Results of spending a few weeks enabling tests

Skip to first unread message

Peter Kasting

Dec 14, 2018, 3:13:32 PM12/14/18
to Chromium-dev
As part of an experiment to reserve regular time for "product excellence", the Views Toolkit subteam recently spent three weeks re-enabling disabled UI tests.  Hopefully, hearing our results will encourage your team to spend time on product excellence too!  (If you don't care about this, you can close this email.)

Takeaway: This seemed like a good use of our time, didn't lead to burnout, and most of the tests we re-enabled likely wouldn't have been re-enabled in the foreseeable future without our work.  We also learned about our testing infrastructure and more of the UI code.  We'll likely do this again.

  • 5 engineers participated for a total of about 12 engineer-weeks: kylixrd (1.5 weeks), pkasting, rameier, robliao (~half time), weili
  • Re-enabled 85 tests (2 of which turned out to still be problematic and were reverted) across 21 directories.  Some tests were previously disabled for all targets and some only for specific platforms.  Most were re-enabled for all platforms, but with a few we only partially re-enabled.
  • There are still 47 other tests "in progress", most of which will hopefully be re-enabled before EOY.
  • For purposes of estimation, if we count in-progress tests as "half done", this means we re-enabled about 1.8 tests per engineer per day.
  • Associated bugs go all the way back to May 2009.  Many of the tests had been disabled for years.  The vast majority worked fine with no changes when re-enabled.  Of course, we did have to fix some real bugs, but the conclusion is that many tests that get disabled rot unnecessarily for years.
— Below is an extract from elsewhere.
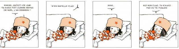 Le format comic strip de l’album, proposé dans un fourreau, convient à merveille pour ces histoires de quatre cases. Le décor y est minimaliste, et Mimosa est le plus souvent seule en scène, plus rarement accompagnée d’un ou d’une camarde de classe, sans oublier les apparitions de Jean-Louis. Les parents sont laissés en hors-champ, ce qui n’est pas gênant puisque cette bd est pensée à hauteur d’enfant et qu’il est beaucoup plus amusant de s’imaginer les parents de Mimosa en fonction de leurs interactions avec elle plutôt que de les voir en chair et en os. Edith, qui sait rendre Mimosa attachante et expressive, a trouvé un truc pour éviter toute lassitude dans le fait de dessiner le même personnage dans toutes les cases : l’impressionnante collection de couvre-chefs qu’arbore la petite fille at qui rajoute toujours une touche de fantaisie, voire de poésie.
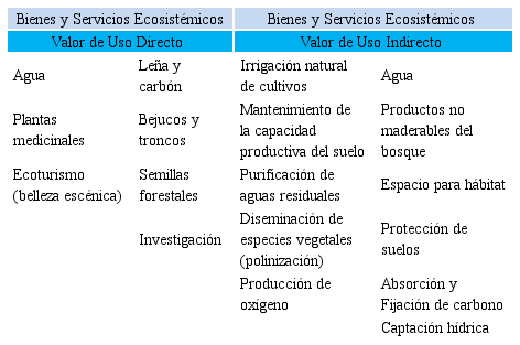 Se han identificado en esta primera etapa los bienes y servicios ecosistémicos siguientes: madera, turismo, agua, suelos y remoción de carbono.

Below are some problems we encountered when things didn't just work, as written by the engineers themselves.


What's In A Name? by Rob Liao

In my attempt to reenable ui_base_unittests L10nUtilTest.GetString, I innocently named the test resources label as ui_base_test_resources. Imagine to my surprise that once I started integrating against Android that repackaging the resources with android_assets suddenly requested ui_base_test_resources__build_config. Even more surprising is that components_browsertests_assets's components_tests_pak had no such dependency.

Turns out, Android build rules are sensitive to the build label name. If your label name matches in _java_target_whitelist (like a label that ends with _resource), then you'll get this mysterious dependency that you never wanted. This is now .

As far as I can tell, none of this is documented in Chromium's Android build_config documents. The takeaway here is that when structuring your build system, doing special things based off of a build label identifiers name is likely to cause surprises in the future. A better way forward would be to provide a way to opt-into the magic instead of reusing mechanisms that should be passthrough.


In The Key Of... by Allen Bauer

While re-enabling interactive_ui_tests' FindInPageTest.SelectionRestoreOnTabSwitch and related I discovered that the reason for failures is the manner in which Chrome interacts with injected keyboard events on Windows. The test code itself is reasonable. It is the keyboard event injection code using the Windows API, SendInput, that seems to be behaving oddly with Chrome.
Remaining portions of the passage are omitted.